▶ EXERCISE DIRECTIONS: Your answer must be an exact copy of the records below, minus any images.

▶ Collected data entries:
# # # # # # #

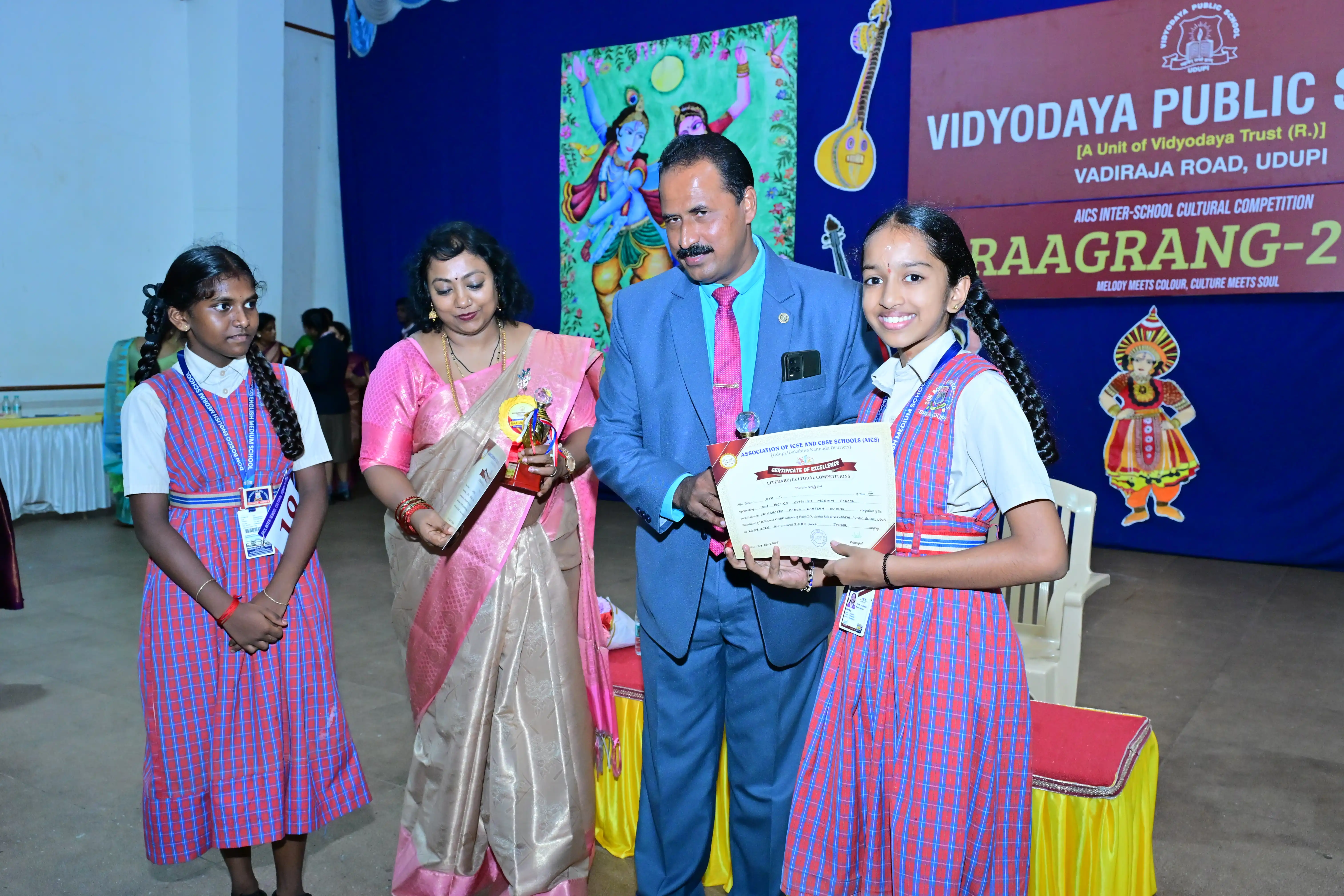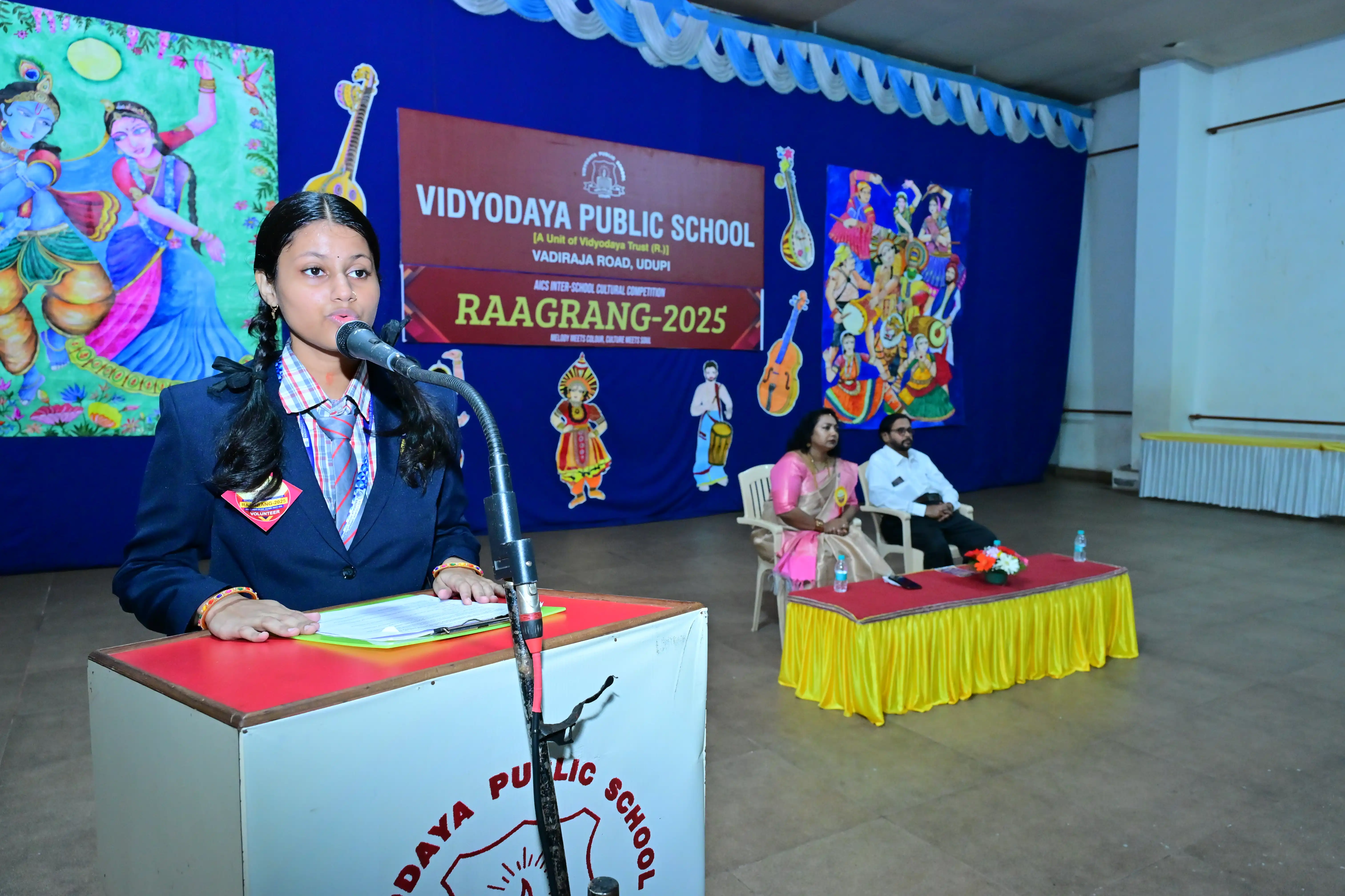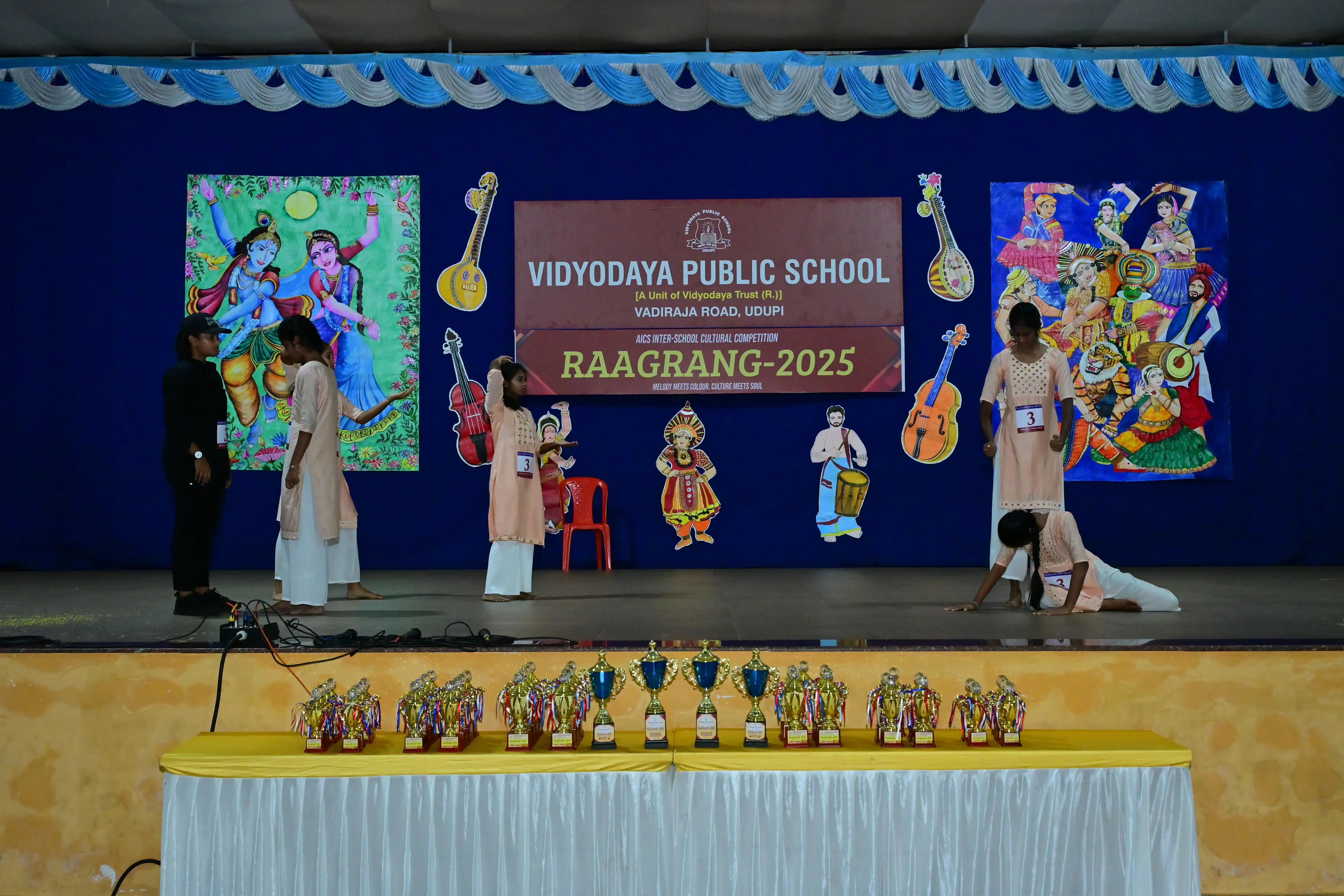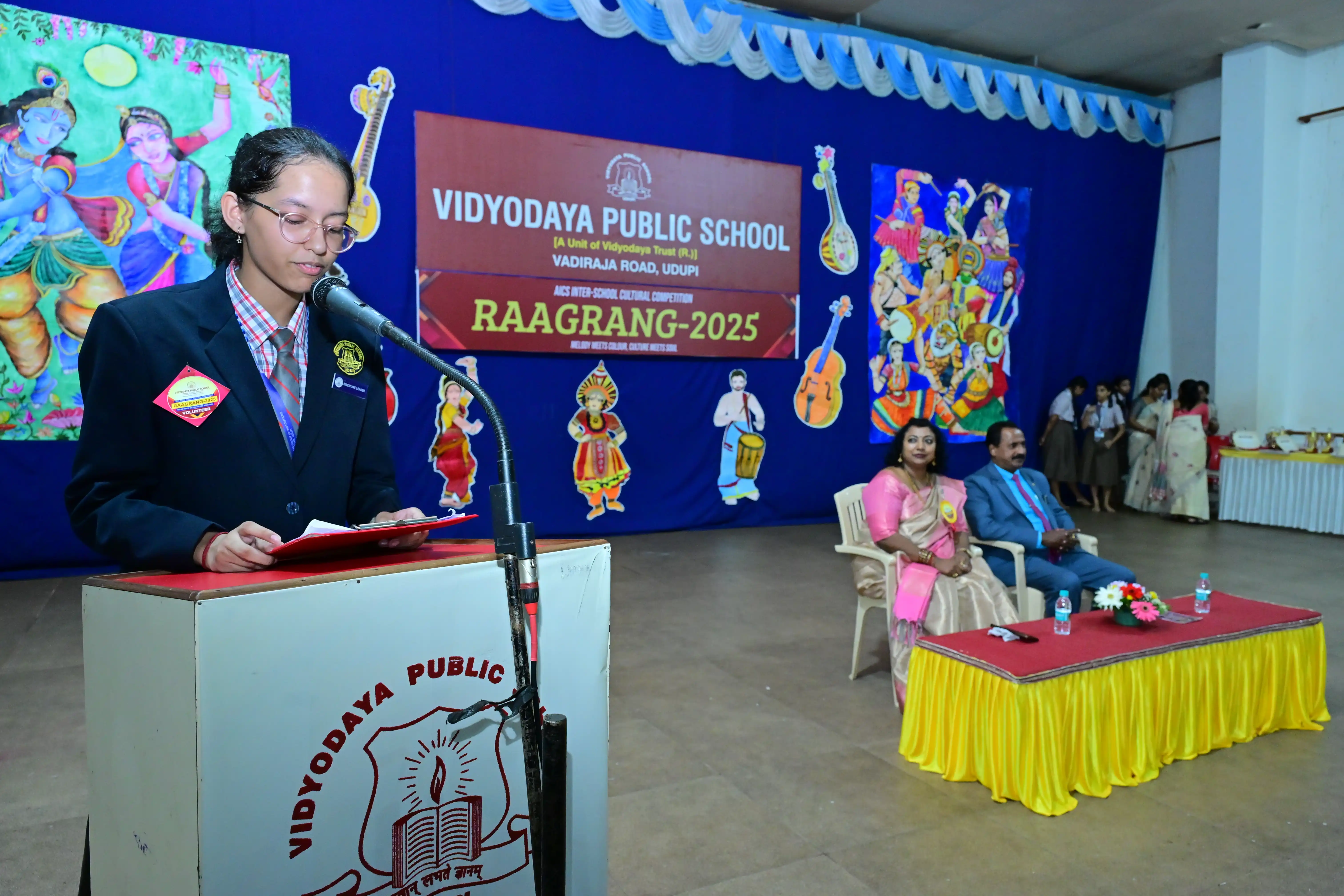 Vidyodaya Public School hosted “RAAGRANG -2025 MELODY MEETS COLOUR, CULTURE MEETS SOUL” - AICS Inter-School Competition, which saw an impressive turnout of 292 participants from 27 schools, accompanied by 34 teachers. The event aimed to foster creativity, talent, and healthy competition among students.
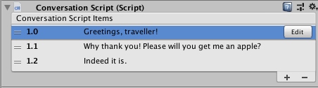 3.  Conversation Script Items リストで、Script Item 1.0(「旅人さん、こんにちは!」)を選択し、Edit をクリックします。
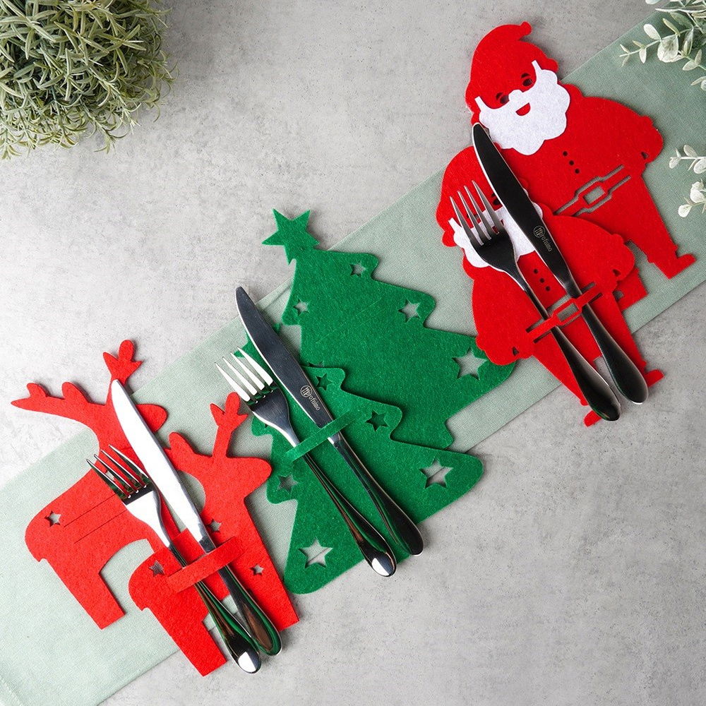 Komplet sześciu etui na sztućce w świątecznym kształcie. W zestawie: 2x etui w kształcie Mikołaja (22 x 13 cm), 2x etui w kształcie choinki (21 x 16,5 cm), 2x etui w kształcie renifera (17,5 x 14 cm). Niezwykle elegancki dodatek do nakrycia stołu. Nadadzą niepowtarzalnego, świątecznego klimatu. Idealny pomysł na świąteczny upominek.
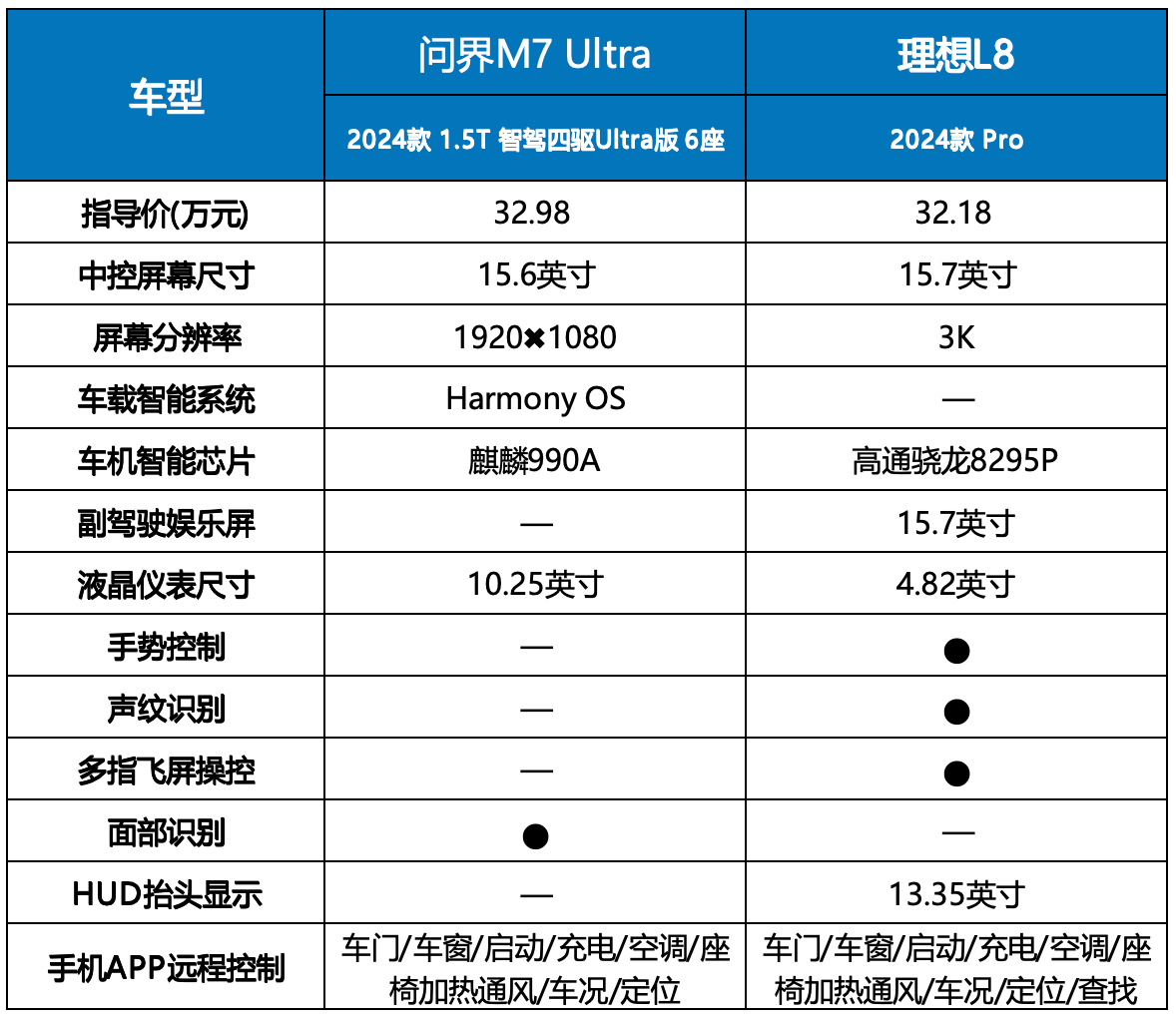在配置對決中,問界M7 Ultra我們選取的車型為2024款 1.5T 智駕四驅Ultra版 6座,售價為32.98萬;而理想L8選取的車型為2024款 Pro,售價為32.18萬,前者比后者多出8000元。下面我們主要來看看它們在配置方面的差異表現。
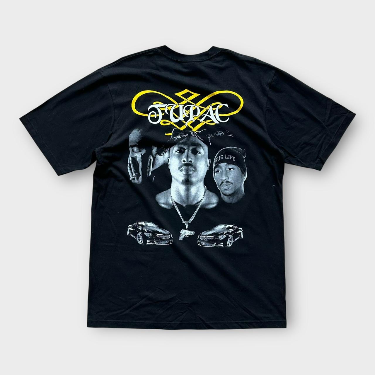 Early 2000s Tupac spell out graphic tee in black with print on the chest and front
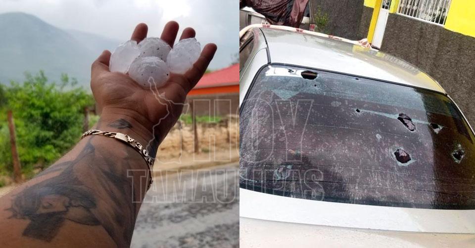Granizada destruye autos en Palmillas, Tamaulipas

# # # # # # #

▶ SOLUTION TO THE PROBLEM:
 Vidyodaya Public School hosted “RAAGRANG -2025 MELODY MEETS COLOUR, CULTURE MEETS SOUL” - AICS Inter-School Competition, which saw an impressive turnout of 292 participants from 27 schools, accompanied by 34 teachers. The event aimed to foster creativity, talent, and healthy competition among students.
 3.  Conversation Script Items リストで、Script Item 1.0(「旅人さん、こんにちは!」)を選択し、Edit をクリックします。
 Komplet sześciu etui na sztućce w świątecznym kształcie. W zestawie: 2x etui w kształcie Mikołaja (22 x 13 cm), 2x etui w kształcie choinki (21 x 16,5 cm), 2x etui w kształcie renifera (17,5 x 14 cm). Niezwykle elegancki dodatek do nakrycia stołu. Nadadzą niepowtarzalnego, świątecznego klimatu. Idealny pomysł na świąteczny upominek.
在配置對決中,問界M7 Ultra我們選取的車型為2024款 1.5T 智駕四驅Ultra版 6座,售價為32.98萬;而理想L8選取的車型為2024款 Pro,售價為32.18萬,前者比后者多出8000元。下面我們主要來看看它們在配置方面的差異表現。
 Early 2000s Tupac spell out graphic tee in black with print on the chest and front
Granizada destruye autos en Palmillas, Tamaulipas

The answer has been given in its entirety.